Wednesday, January 6, 2010
An Unhappy Pest-Filled 2010
By Alan Caruba
From its inception on December 2, 1970, the Environmental Protection Agency has done everything in its power to deprive Americans of the protection against insect and rodent pests that is afforded by the proper use of pesticides.
I know this from personal experience because in the 1980s I worked with a company that produced a pesticide called Ficam. Following its introduction, it was immediately embraced by the pest control industry because, not only did it work wonders against a broad spectrum of insect pest species, it was applied with nothing more toxic than tap water!
It costs several millions of dollars to get a pesticide registered with the EPA because they are subject to all kinds of field and laboratory tests to ensure they do not pose an unacceptable risk to the public. Despite having secured registration, the EPA came back to the company within a decade and demanded it re-register the product. The company decided to no longer market Ficam in America.
This is just one example, but perhaps the worst was the way the EPA denied access to Dursban, a Dow Agrosciences product, that was so effective and widely used for such a long time that it was evident it posed no threat to humans unless, perhaps, you drank it right from the bottle or injected it directly into your blood stream.

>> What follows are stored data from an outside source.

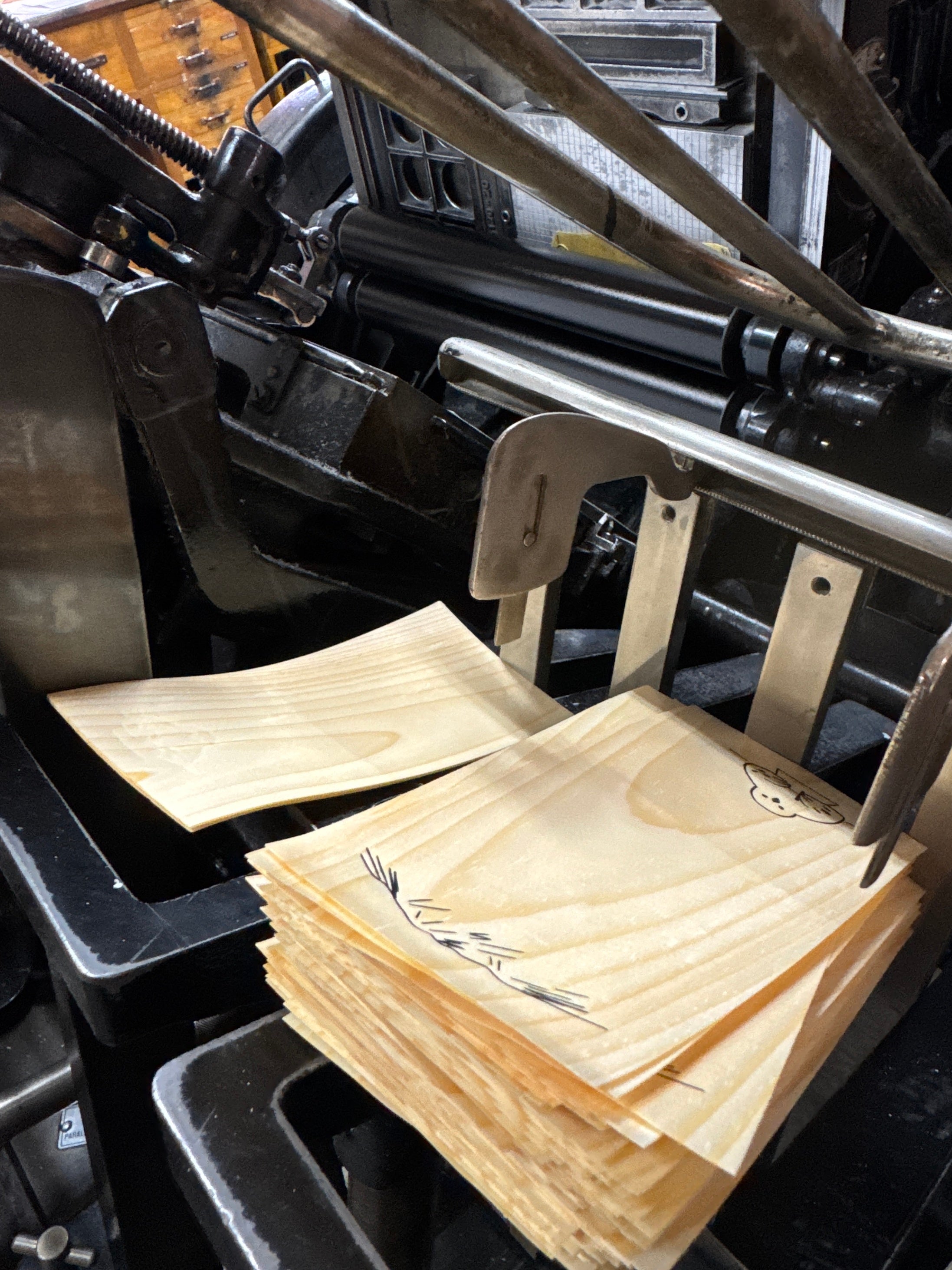 今回は初めて経木への活版印刷に挑戦。反ったり割れやすかったりヤニの影響が出たりと、紙と同じようにはいかない経木への印刷。これまで様々な印刷方法を試しましたが、機械に詰まってしまったり機械にダメージがあったりとなかなか実現しませんでした。今回は桜ノ宮 活版倉庫さんのご協力のもと、試行錯誤を重ね実現。経木の面白さや可能性が広がりました。木そのものの質感に加え、イラストとともに印刷の凹凸もお楽しみいただけます。
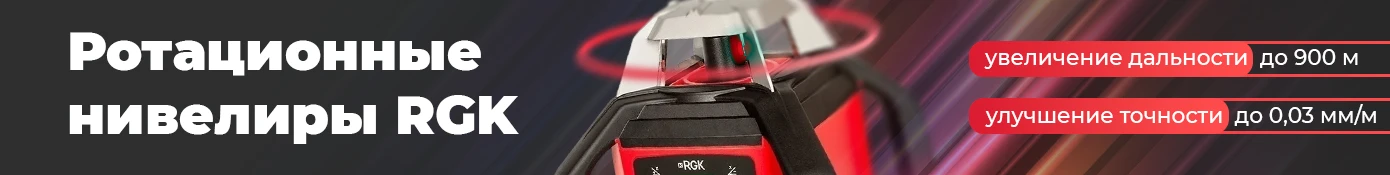 Ротационный лазерный нивелир RGK оснащен вращающейся головкой, которая формирует горизонтальную или вертикальную плоскость с разверткой в 360 °. Такие приборы обладают большой дальностью проецирования, которая достигает у профессиональных моделей 400 м с использованием приемника.
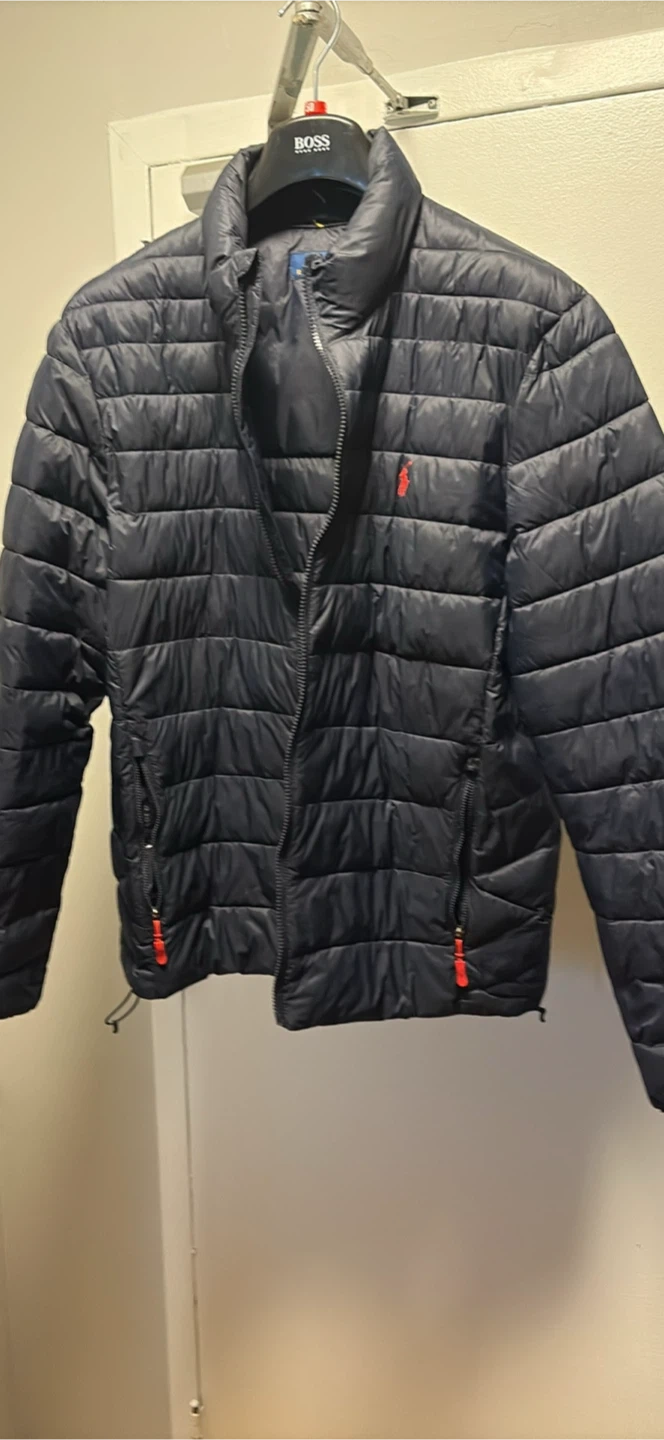 Polo Ralph Lauren puffer jacket in navy blue. It features a full zip closure and red accents on the zipper pulls. The iconic Polo logo is visible on the chest. This jacket is perfect for staying warm on cooler days!
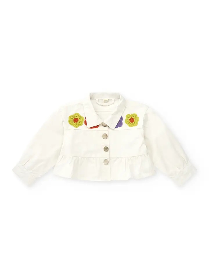 Giubbino tinta unita con ricamo fiori crochet a contrasto anteriori e chiusura con bottoni automatici
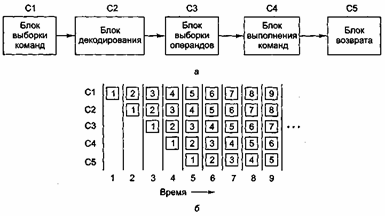 На рис. 2а изображен конвейер из 5 блоков, которые называются стадиями. Стадия С1 вызывает команду из памяти и помещает ее в буфер, где она хранится до тех пор, пока не будет нужна. Стадия С2 декодирует эту команду, определяя ее тип и тип операндов, над которыми она будет производить определенные действия. Стадия СЗ определяет местонахождение операндов и вызывает их или из регистров, или из памяти. Стадия С4 выполняет команду, обычно путем провода операндов через тракт данных. И наконец, стадия С5 записывает результат обратно в нужный регистр.
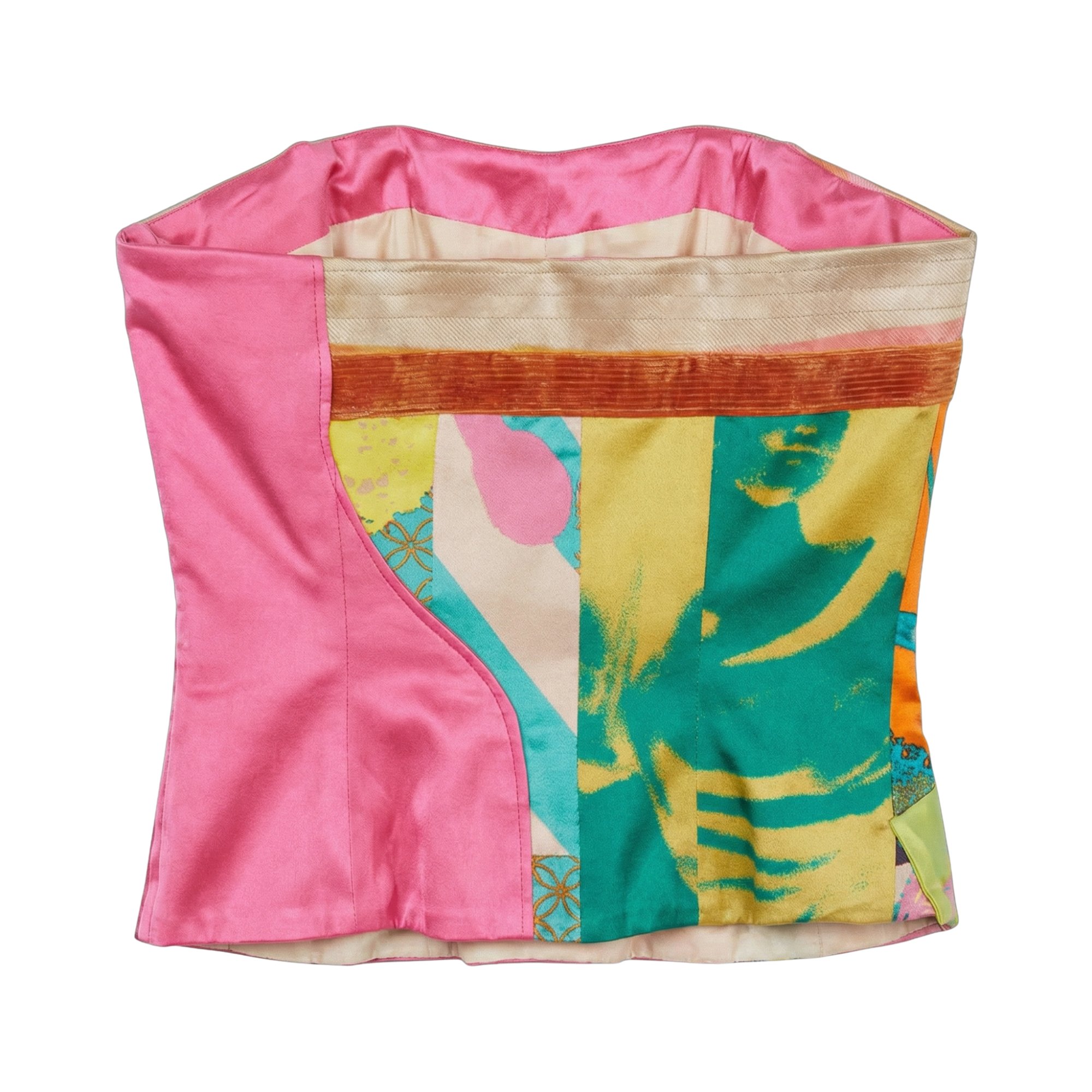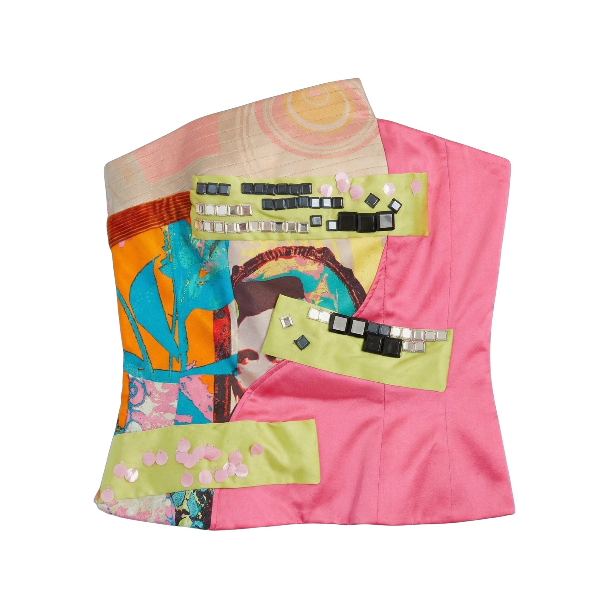 Tailored from an assortment of high quality silk-blend satins in vivid lime green, fuchsia and floral prints, it is embellished with candy pink pailette sequins and square black and silver studs. Varying slightly from the item shown on the catwalk, we believe that no two corsets were created alike, adding to its rariety and collectability. This piece captures the spirit that defined Lacroix’s work at the turn of the millennium: joyfully decorative and rooted in the artistry of couture tradition.

On June 10, 2000, using the power authorized by the 1996 Food Quality Protection Act, the EPA decided that anything that good had to be a risk to public health and forced the company to restrict it to agricultural use only. Some eighty popular pest control products used Dursban as a component, but you can no longer find them in your home and garden store.
The latest effort to deprive Americans of any protection against Mother Nature’s most active vectors of disease, insect and rodent pests, was announced in late December. The EPA requested public comment on options for disclosing inert ingredients in pesticides. This is a required charade before the EPA is allowed to do what it has already made up its mind to do. Inert ingredients are part of the end use product formulation and are not, by definition, active ingredients.
Pesticide manufacturers usually only disclose their inert ingredients to the EPA. More than 350 inert pesticide ingredients are at risk. This latest attack on the public’s access to pesticides was in response to a petition by the Northwest Coalition for Alternatives to Pesticides. These demented “environmental” groups exist for the single purpose of leaving the public vulnerable to a list of diseases spread by insects and rodents.
If you’re a big fan of Salmonella, dysentery, murine typhus fever, leptospirosis, trichinosis, gastroenteritis, Lyme disease, West Nile Fever, Bubonic plague, and a host of other diseases spread by insect and rodent pests, you are going to love the EPA because it has been doing everything in its power to bring about their spread. Much of what we accept as public health today is based on the use of pesticides by trained, licensed, and certified pest control professionals.
In the endless effort to make schools “safer” for those condemned to twelve years of incarceration in them, Congressman Rush Holt (D-NJ) has introduced H.R. 4159, the School Environment Protection Act (SEPA) to inflict a one-size-fits-all piece of legislation on American schools from Alaska to Alabama. Suffice it to say, different States and region of the nation have different insect and rodent pest populations. There are vast numbers of different species and each has specific habits and habitats.
At the request of Beyond Pesticides, yet another group devoted to leaving children and adults vulnerable to an astonishing variety of pest species, Rep. Holt’s bill ignores the fact that 38 States have approved or implemented a state law or rule expressly related to the management of pests in schools. In many cases, these rules have been in place for more than fifteen years.
No doubt the public will be deluged with studies asserting that pesticides are associated with acute illnesses due to exposure at school, but under the widely used standards of Integrated Pest Management (IPM) the likelihood of exposure is virtually non-existent.
It’s bad enough that the EPA is insanely insisting that carbon dioxide, a gas vital to the growth of all vegetation and all life on planet Earth, is a “pollutant”, but these latest regulatory and legislative actions add up to just one thing, a very buggy 2010 and beyond if enacted.